## TASK DETAILS
Return the data below exactly, please, but drop the pictures.

## DATA BELOW
--
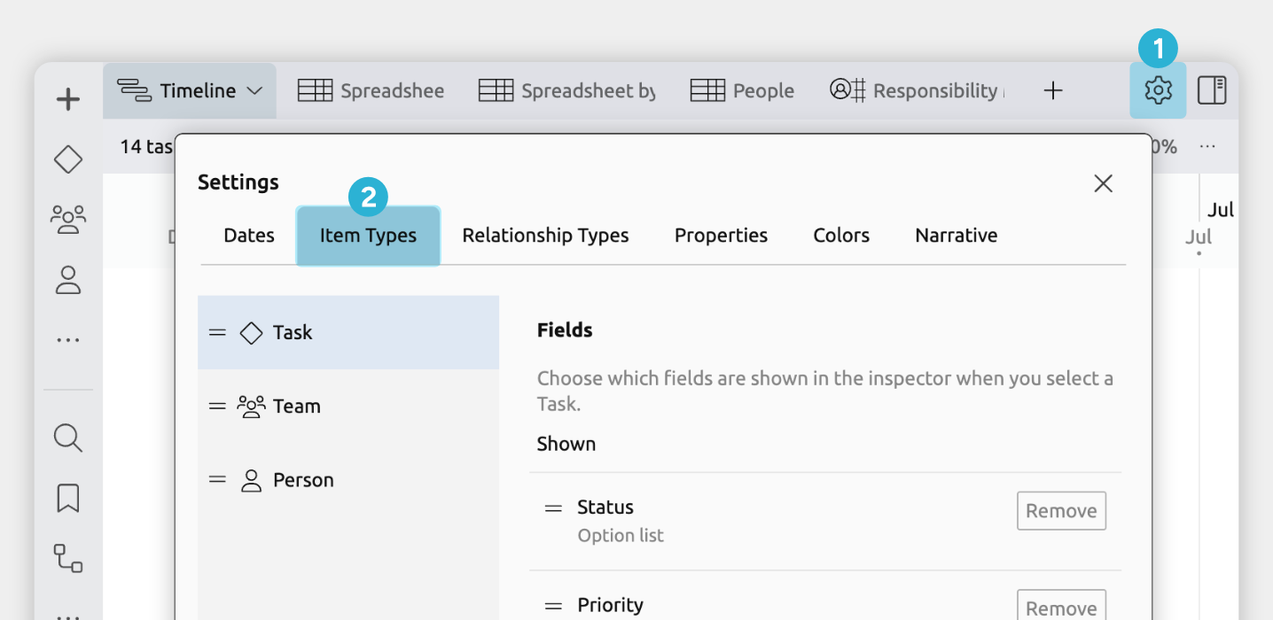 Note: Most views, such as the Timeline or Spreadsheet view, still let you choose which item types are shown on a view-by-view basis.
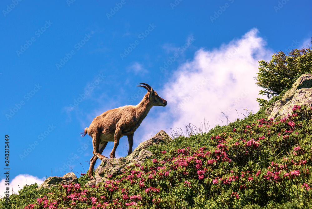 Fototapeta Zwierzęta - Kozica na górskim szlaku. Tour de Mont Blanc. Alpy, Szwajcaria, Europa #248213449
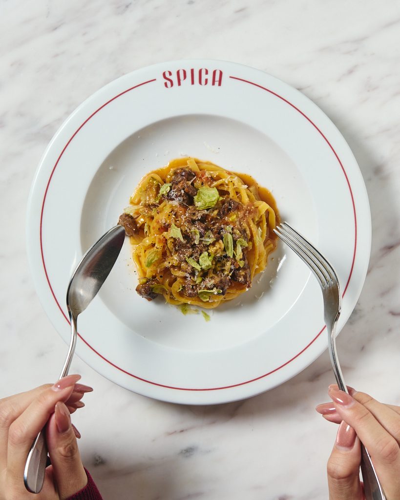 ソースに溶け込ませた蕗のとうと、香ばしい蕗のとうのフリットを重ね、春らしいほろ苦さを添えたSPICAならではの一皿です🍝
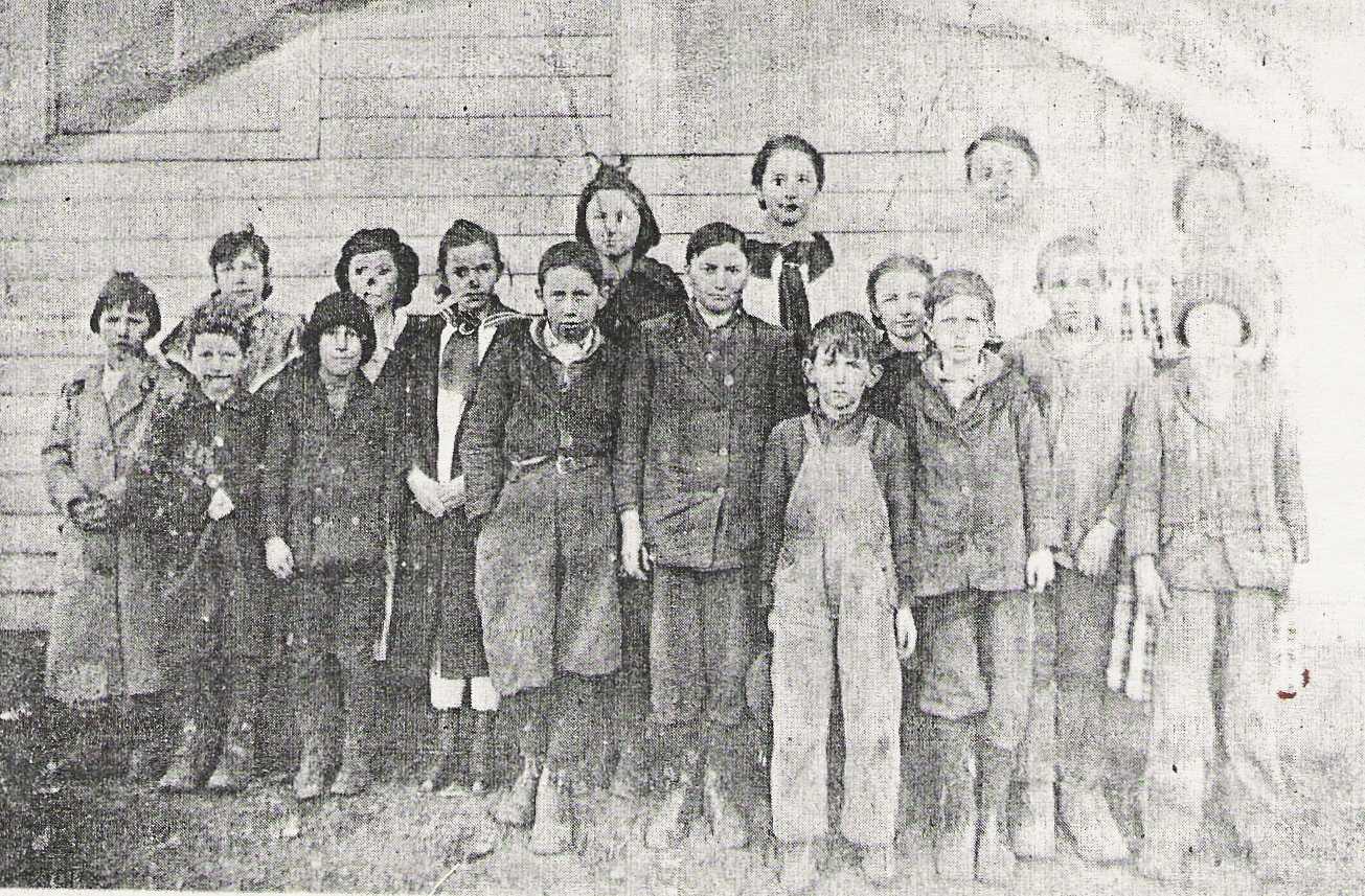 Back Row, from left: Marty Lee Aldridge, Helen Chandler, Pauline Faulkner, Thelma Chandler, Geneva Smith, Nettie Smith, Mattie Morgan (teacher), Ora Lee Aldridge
--
## COMPLETED EXERCISE
 Note: Most views, such as the Timeline or Spreadsheet view, still let you choose which item types are shown on a view-by-view basis.
 Fototapeta Zwierzęta - Kozica na górskim szlaku. Tour de Mont Blanc. Alpy, Szwajcaria, Europa #248213449
 ソースに溶け込ませた蕗のとうと、香ばしい蕗のとうのフリットを重ね、春らしいほろ苦さを添えたSPICAならではの一皿です🍝
 Back Row, from left: Marty Lee Aldridge, Helen Chandler, Pauline Faulkner, Thelma Chandler, Geneva Smith, Nettie Smith, Mattie Morgan (teacher), Ora Lee Aldridge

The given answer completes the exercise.